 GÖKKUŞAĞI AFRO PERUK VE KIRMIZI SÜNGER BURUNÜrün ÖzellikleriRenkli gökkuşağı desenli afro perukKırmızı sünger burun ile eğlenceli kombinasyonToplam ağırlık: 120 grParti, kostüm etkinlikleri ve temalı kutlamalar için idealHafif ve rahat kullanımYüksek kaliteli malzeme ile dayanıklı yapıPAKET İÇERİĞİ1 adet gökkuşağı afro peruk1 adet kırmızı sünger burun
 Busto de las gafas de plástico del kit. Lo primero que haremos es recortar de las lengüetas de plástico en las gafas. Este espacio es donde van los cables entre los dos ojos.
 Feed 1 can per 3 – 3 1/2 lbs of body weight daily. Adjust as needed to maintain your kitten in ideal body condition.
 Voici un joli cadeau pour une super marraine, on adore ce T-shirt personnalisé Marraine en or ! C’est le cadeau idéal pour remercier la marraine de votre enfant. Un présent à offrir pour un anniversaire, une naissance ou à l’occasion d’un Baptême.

---

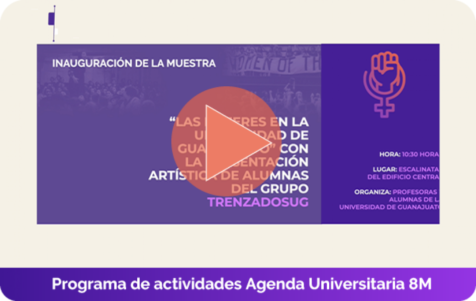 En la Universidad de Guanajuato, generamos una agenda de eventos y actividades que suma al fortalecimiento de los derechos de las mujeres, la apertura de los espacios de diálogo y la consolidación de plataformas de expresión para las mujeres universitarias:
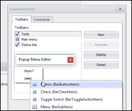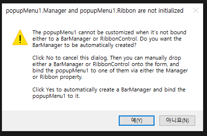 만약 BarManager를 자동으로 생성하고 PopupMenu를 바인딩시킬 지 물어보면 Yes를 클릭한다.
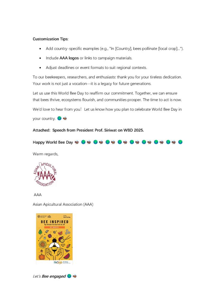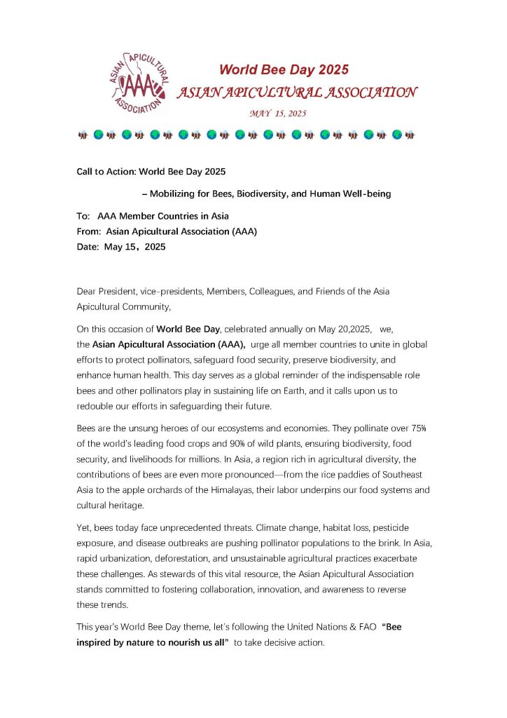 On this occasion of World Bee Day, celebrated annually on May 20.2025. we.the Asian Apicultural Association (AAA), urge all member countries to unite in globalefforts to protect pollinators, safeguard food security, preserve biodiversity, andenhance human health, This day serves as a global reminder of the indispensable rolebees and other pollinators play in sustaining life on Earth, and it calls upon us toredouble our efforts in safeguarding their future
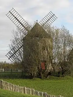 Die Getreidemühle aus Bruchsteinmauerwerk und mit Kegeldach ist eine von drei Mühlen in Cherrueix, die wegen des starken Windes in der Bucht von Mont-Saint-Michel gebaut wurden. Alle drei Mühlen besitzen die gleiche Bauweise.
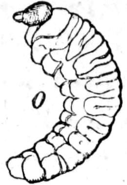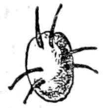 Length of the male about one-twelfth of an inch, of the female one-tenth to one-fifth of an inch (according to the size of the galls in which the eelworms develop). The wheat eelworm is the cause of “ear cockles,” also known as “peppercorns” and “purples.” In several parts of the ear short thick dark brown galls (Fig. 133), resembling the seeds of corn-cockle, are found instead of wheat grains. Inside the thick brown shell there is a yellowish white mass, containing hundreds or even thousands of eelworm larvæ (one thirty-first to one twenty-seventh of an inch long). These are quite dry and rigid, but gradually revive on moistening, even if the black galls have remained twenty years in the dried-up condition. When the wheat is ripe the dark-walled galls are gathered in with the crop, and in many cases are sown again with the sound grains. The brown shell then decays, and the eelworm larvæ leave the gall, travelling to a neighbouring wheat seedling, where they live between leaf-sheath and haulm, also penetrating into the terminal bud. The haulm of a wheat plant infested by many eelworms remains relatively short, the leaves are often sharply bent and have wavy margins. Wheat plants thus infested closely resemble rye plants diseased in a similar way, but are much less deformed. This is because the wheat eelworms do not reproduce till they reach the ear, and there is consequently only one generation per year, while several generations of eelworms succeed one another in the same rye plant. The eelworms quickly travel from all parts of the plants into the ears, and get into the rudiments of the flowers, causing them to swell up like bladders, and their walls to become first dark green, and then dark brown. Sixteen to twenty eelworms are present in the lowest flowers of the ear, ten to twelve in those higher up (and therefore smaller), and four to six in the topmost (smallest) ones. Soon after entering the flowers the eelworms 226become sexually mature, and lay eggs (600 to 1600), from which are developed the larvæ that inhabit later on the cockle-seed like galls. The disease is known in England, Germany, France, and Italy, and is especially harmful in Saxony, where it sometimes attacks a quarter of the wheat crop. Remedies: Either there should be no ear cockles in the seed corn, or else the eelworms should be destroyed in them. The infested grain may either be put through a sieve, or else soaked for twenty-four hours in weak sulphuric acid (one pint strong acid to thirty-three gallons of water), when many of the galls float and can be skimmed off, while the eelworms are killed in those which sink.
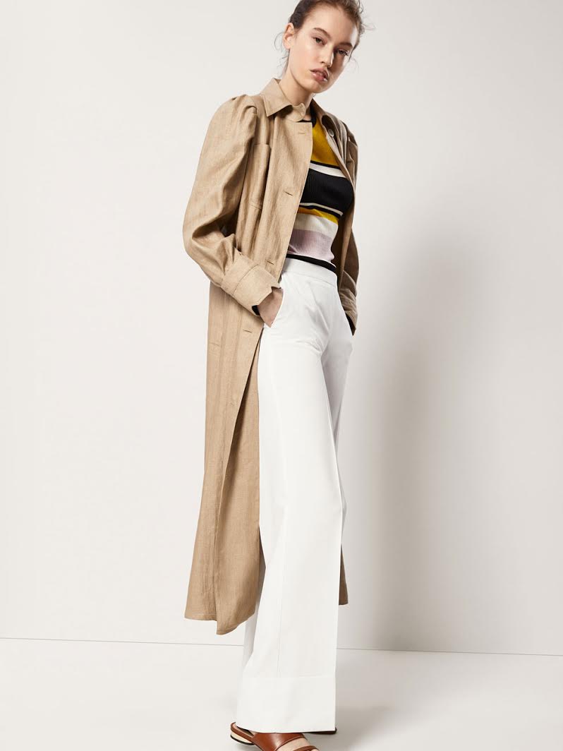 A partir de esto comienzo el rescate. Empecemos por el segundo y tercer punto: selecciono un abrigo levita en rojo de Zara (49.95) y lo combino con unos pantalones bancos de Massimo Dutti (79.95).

- Try it: Start with the line above that contains "GÖKKUŞAĞI AFRO PERUK" and stop after the line that contains "Voici un joli". Output those lines exactly, and only those.

- Final answer:
 GÖKKUŞAĞI AFRO PERUK VE KIRMIZI SÜNGER BURUNÜrün ÖzellikleriRenkli gökkuşağı desenli afro perukKırmızı sünger burun ile eğlenceli kombinasyonToplam ağırlık: 120 grParti, kostüm etkinlikleri ve temalı kutlamalar için idealHafif ve rahat kullanımYüksek kaliteli malzeme ile dayanıklı yapıPAKET İÇERİĞİ1 adet gökkuşağı afro peruk1 adet kırmızı sünger burun
 Busto de las gafas de plástico del kit. Lo primero que haremos es recortar de las lengüetas de plástico en las gafas. Este espacio es donde van los cables entre los dos ojos.
 Feed 1 can per 3 – 3 1/2 lbs of body weight daily. Adjust as needed to maintain your kitten in ideal body condition.
 Voici un joli cadeau pour une super marraine, on adore ce T-shirt personnalisé Marraine en or ! C’est le cadeau idéal pour remercier la marraine de votre enfant. Un présent à offrir pour un anniversaire, une naissance ou à l’occasion d’un Baptême.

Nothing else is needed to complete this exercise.